• _WHAT THE TASK REQUIRES_: Set down, please, exactly the lines below that run from the line with "한민일보 서울포커스 최성훈" to the line with "Nachdem diese erste", both lines included.

• _INFORMATION SUPPLIED_:

'''

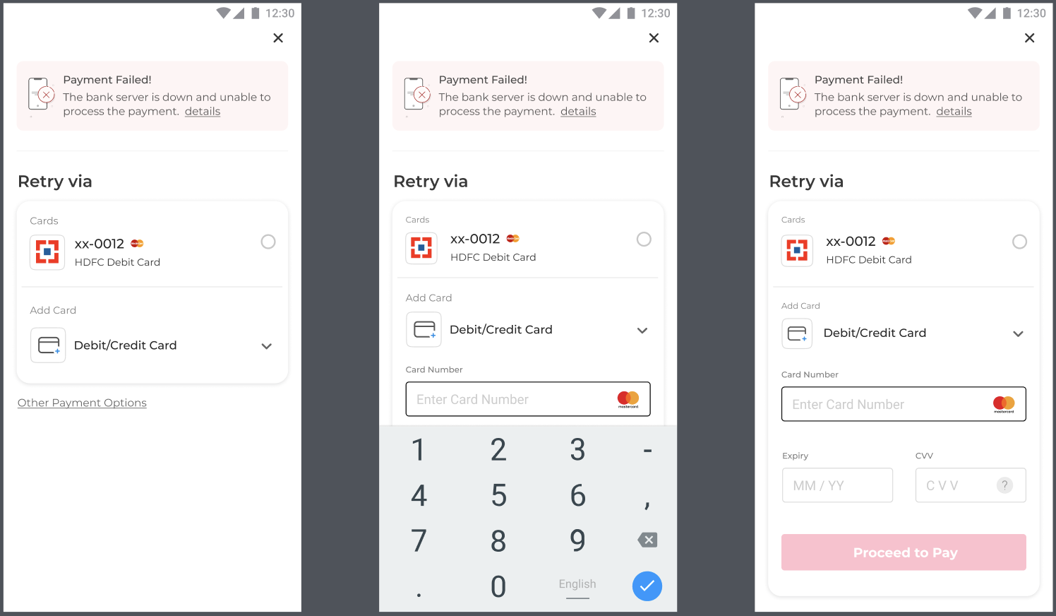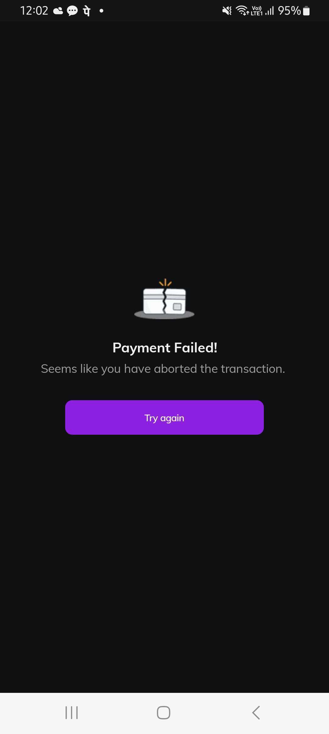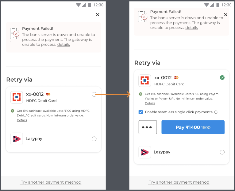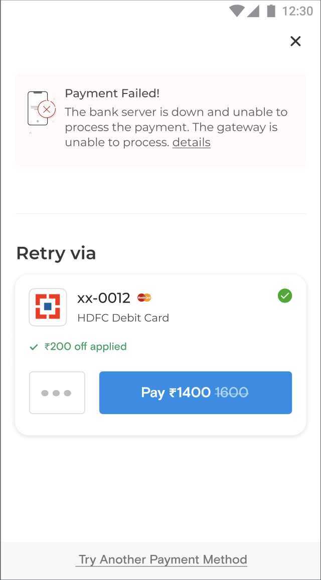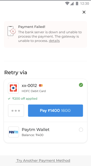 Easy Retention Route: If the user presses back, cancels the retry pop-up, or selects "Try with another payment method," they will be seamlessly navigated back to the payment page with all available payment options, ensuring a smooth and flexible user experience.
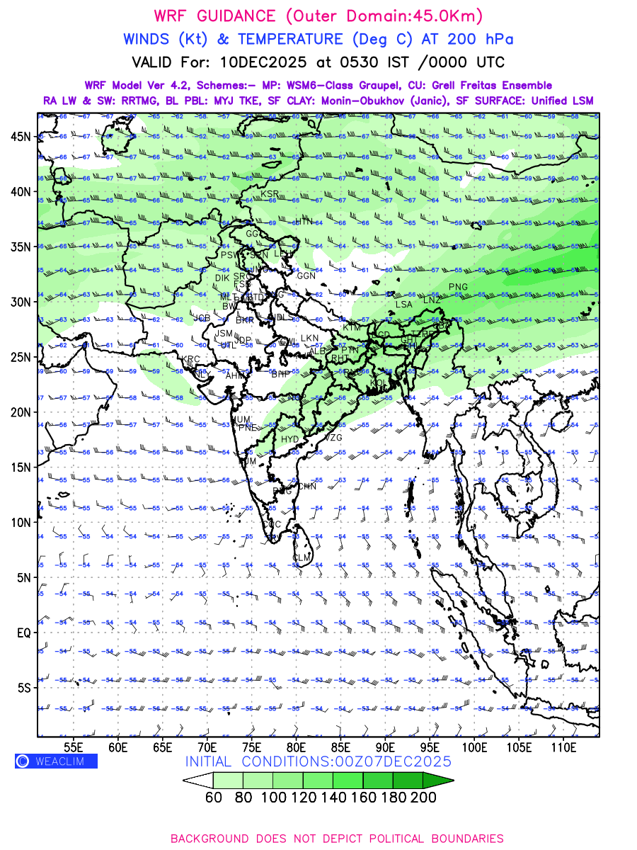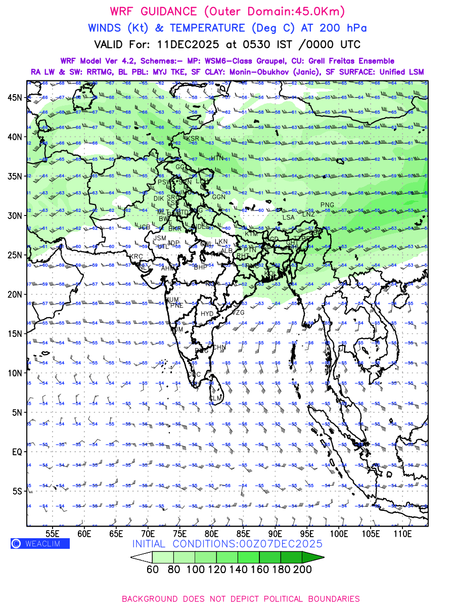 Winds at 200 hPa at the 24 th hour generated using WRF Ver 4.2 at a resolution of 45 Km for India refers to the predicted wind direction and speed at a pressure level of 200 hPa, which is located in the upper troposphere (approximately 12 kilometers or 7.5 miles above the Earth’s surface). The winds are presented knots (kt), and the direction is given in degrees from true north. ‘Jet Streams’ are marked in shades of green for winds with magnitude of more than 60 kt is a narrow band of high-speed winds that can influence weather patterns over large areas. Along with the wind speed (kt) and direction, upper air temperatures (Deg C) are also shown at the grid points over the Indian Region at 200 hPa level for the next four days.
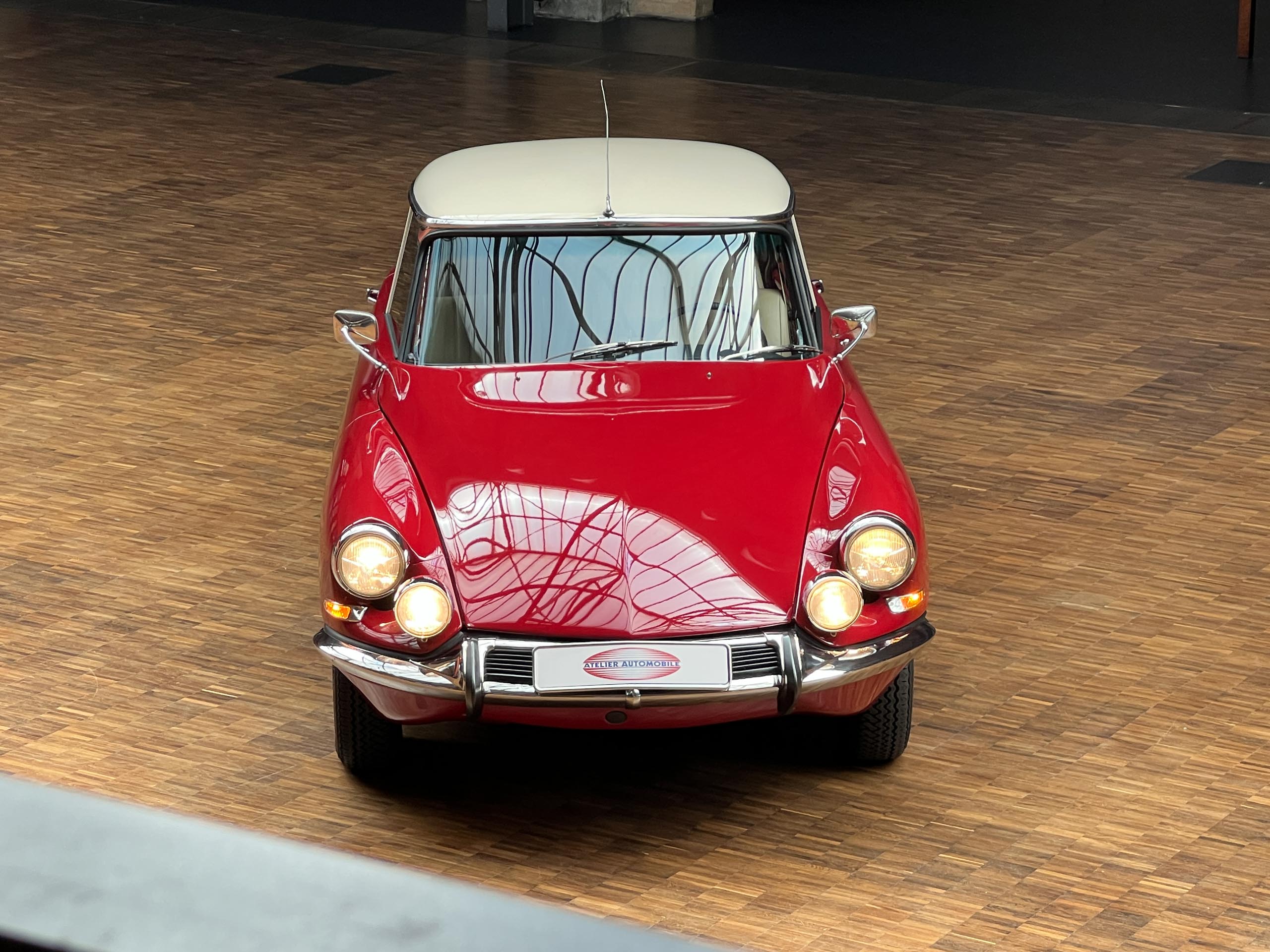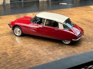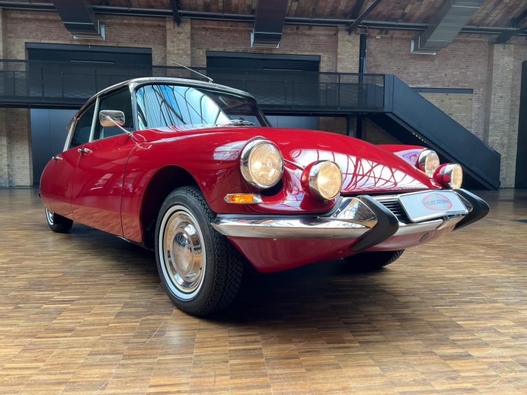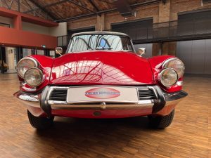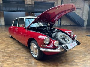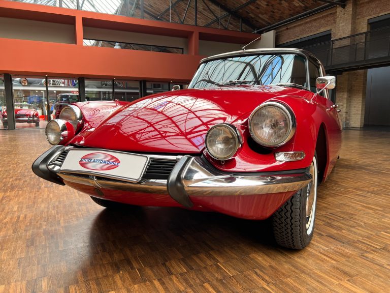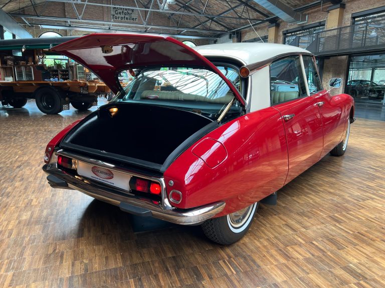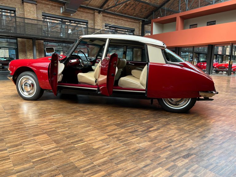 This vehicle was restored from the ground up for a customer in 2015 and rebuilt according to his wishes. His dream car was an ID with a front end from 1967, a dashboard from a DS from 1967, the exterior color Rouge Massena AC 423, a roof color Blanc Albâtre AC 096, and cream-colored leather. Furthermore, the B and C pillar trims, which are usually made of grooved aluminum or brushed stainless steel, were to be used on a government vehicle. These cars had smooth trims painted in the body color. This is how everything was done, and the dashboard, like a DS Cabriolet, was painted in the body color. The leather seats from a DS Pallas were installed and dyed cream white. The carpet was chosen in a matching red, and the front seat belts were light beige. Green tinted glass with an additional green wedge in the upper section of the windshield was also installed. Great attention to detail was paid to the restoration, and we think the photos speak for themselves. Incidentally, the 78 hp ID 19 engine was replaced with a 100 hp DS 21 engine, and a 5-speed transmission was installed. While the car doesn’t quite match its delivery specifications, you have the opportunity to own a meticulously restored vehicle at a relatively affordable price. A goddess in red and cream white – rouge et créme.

'''
'''

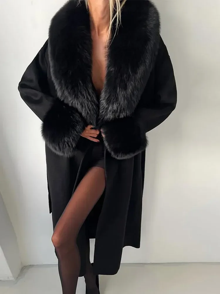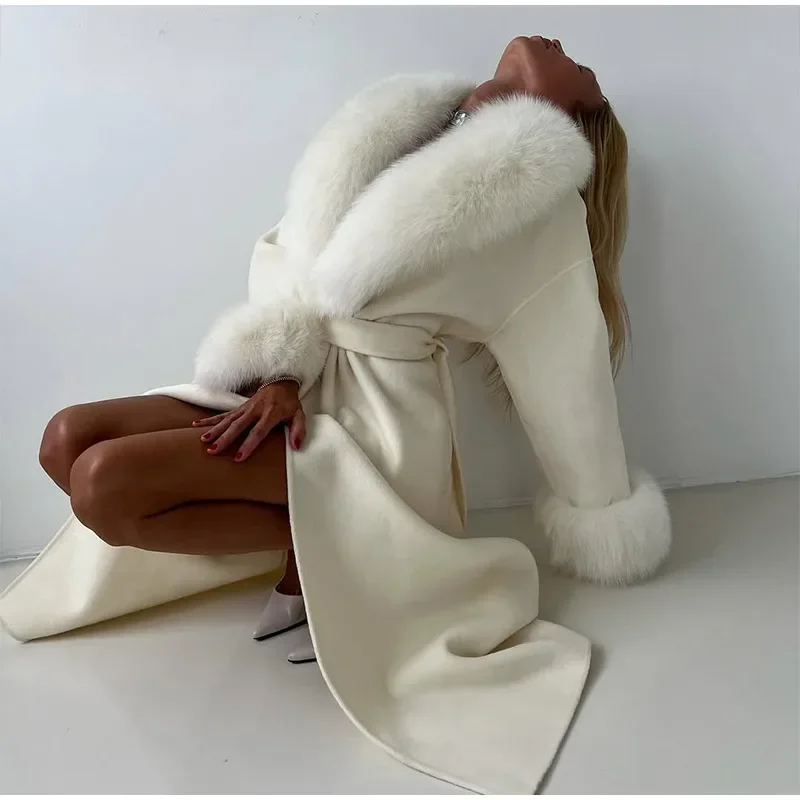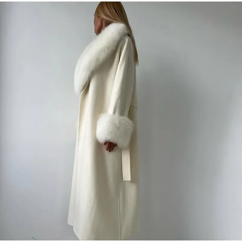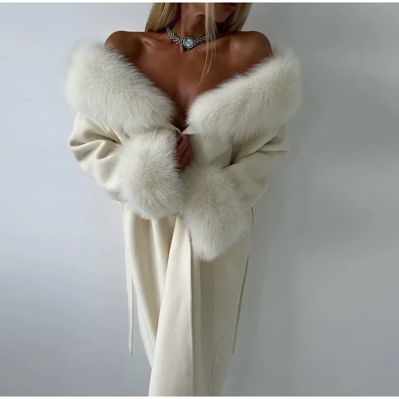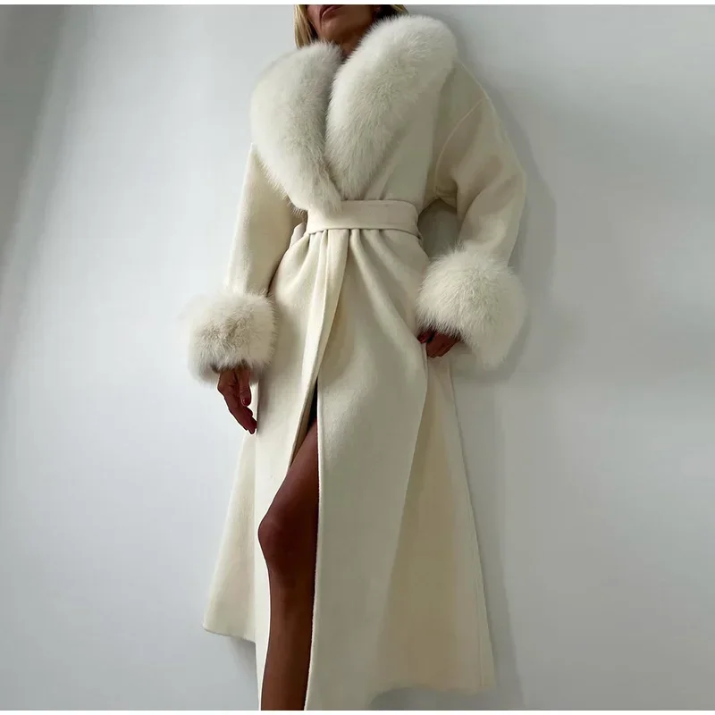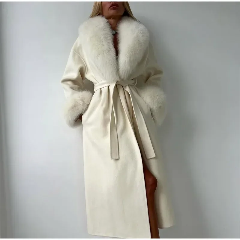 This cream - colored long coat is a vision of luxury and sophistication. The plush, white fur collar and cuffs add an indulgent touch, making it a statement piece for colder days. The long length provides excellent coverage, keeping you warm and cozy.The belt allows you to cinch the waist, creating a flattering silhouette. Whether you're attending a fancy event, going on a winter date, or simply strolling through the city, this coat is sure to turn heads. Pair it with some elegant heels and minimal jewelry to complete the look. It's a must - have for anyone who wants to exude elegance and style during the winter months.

'''
'''

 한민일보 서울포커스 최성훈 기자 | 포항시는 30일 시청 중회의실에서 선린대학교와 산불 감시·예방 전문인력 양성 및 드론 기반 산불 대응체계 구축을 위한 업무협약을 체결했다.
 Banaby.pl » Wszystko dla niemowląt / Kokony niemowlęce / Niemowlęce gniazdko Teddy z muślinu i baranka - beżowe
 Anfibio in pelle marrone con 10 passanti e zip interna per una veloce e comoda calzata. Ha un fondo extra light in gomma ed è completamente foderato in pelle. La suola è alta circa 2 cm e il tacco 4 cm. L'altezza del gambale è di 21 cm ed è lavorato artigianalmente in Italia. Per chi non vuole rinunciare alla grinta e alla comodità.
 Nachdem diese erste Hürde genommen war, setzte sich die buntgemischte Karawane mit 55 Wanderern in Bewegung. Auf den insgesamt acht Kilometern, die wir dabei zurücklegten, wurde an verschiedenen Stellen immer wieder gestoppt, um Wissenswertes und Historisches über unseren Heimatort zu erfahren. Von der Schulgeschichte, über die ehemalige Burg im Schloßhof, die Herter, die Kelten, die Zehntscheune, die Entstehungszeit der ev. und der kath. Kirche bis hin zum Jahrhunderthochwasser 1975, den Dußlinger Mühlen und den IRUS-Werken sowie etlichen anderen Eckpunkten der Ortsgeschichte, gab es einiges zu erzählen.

'''

• _WRITTEN RESPONSE_:
 한민일보 서울포커스 최성훈 기자 | 포항시는 30일 시청 중회의실에서 선린대학교와 산불 감시·예방 전문인력 양성 및 드론 기반 산불 대응체계 구축을 위한 업무협약을 체결했다.
 Banaby.pl » Wszystko dla niemowląt / Kokony niemowlęce / Niemowlęce gniazdko Teddy z muślinu i baranka - beżowe
 Anfibio in pelle marrone con 10 passanti e zip interna per una veloce e comoda calzata. Ha un fondo extra light in gomma ed è completamente foderato in pelle. La suola è alta circa 2 cm e il tacco 4 cm. L'altezza del gambale è di 21 cm ed è lavorato artigianalmente in Italia. Per chi non vuole rinunciare alla grinta e alla comodità.
 Nachdem diese erste Hürde genommen war, setzte sich die buntgemischte Karawane mit 55 Wanderern in Bewegung. Auf den insgesamt acht Kilometern, die wir dabei zurücklegten, wurde an verschiedenen Stellen immer wieder gestoppt, um Wissenswertes und Historisches über unseren Heimatort zu erfahren. Von der Schulgeschichte, über die ehemalige Burg im Schloßhof, die Herter, die Kelten, die Zehntscheune, die Entstehungszeit der ev. und der kath. Kirche bis hin zum Jahrhunderthochwasser 1975, den Dußlinger Mühlen und den IRUS-Werken sowie etlichen anderen Eckpunkten der Ortsgeschichte, gab es einiges zu erzählen.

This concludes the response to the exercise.